* The input *
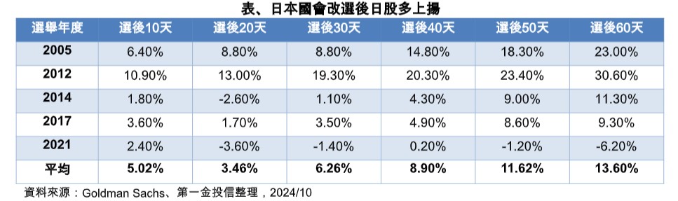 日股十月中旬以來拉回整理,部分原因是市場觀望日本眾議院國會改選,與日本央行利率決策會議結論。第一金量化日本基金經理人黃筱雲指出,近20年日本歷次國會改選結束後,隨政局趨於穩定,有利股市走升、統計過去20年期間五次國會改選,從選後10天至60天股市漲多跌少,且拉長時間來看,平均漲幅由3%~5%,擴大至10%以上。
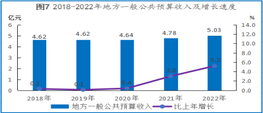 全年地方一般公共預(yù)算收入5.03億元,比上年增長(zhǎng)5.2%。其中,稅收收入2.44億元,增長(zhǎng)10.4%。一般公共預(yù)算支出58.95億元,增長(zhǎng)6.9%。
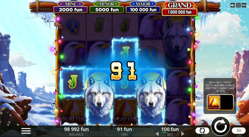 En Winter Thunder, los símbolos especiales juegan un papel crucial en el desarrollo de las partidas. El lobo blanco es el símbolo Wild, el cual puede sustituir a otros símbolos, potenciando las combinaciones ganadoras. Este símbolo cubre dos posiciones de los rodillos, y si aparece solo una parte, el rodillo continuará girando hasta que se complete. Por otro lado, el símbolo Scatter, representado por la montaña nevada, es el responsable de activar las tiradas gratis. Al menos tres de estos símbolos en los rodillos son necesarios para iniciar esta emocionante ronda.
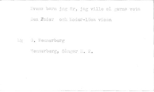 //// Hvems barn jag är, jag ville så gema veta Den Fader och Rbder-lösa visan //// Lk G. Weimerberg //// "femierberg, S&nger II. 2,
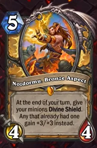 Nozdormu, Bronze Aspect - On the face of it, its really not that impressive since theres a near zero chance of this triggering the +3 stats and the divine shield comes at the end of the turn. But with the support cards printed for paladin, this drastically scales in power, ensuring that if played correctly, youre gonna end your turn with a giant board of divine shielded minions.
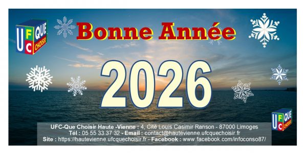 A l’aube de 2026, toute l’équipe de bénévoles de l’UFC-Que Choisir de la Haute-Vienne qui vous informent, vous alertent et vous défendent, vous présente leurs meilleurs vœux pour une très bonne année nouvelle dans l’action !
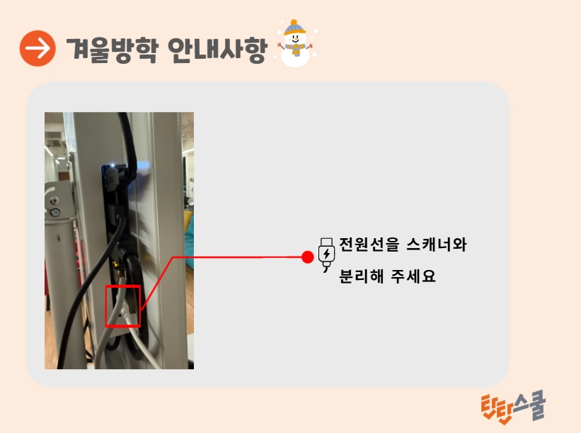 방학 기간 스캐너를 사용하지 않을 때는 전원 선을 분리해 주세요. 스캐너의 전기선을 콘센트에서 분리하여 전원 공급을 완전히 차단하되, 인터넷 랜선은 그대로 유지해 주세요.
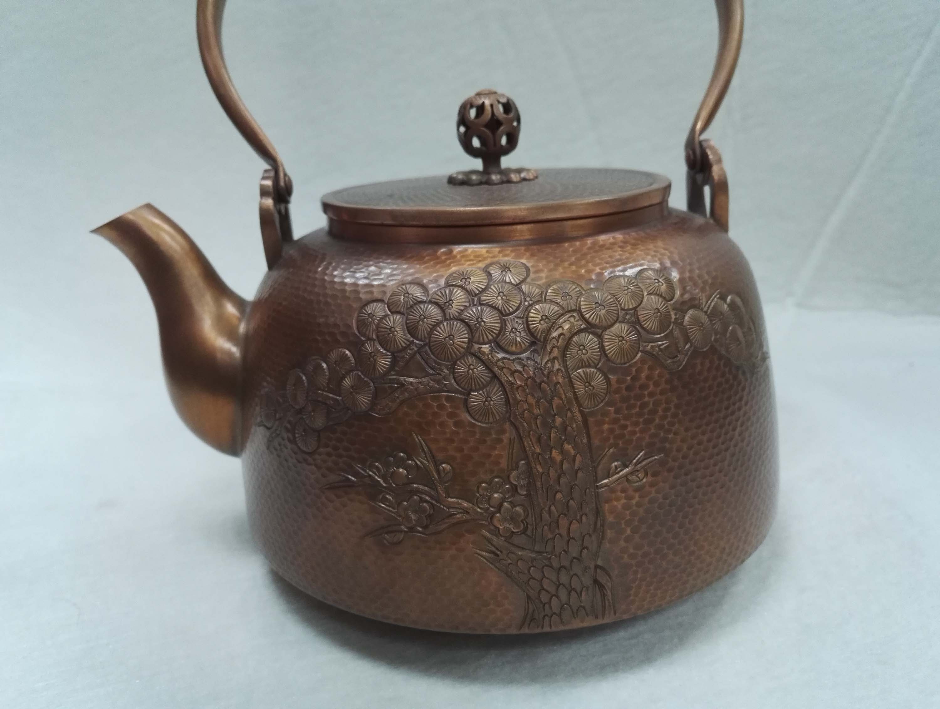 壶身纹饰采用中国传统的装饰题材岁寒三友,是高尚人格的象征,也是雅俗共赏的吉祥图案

* Problem description *
Return nothing but the lines running from the start of the data to the line with "全年地方一般公共預(yù)算", please, both ends included and no pictures.

* Solved exercise *
 日股十月中旬以來拉回整理,部分原因是市場觀望日本眾議院國會改選,與日本央行利率決策會議結論。第一金量化日本基金經理人黃筱雲指出,近20年日本歷次國會改選結束後,隨政局趨於穩定,有利股市走升、統計過去20年期間五次國會改選,從選後10天至60天股市漲多跌少,且拉長時間來看,平均漲幅由3%~5%,擴大至10%以上。
 全年地方一般公共預(yù)算收入5.03億元,比上年增長(zhǎng)5.2%。其中,稅收收入2.44億元,增長(zhǎng)10.4%。一般公共預(yù)算支出58.95億元,增長(zhǎng)6.9%。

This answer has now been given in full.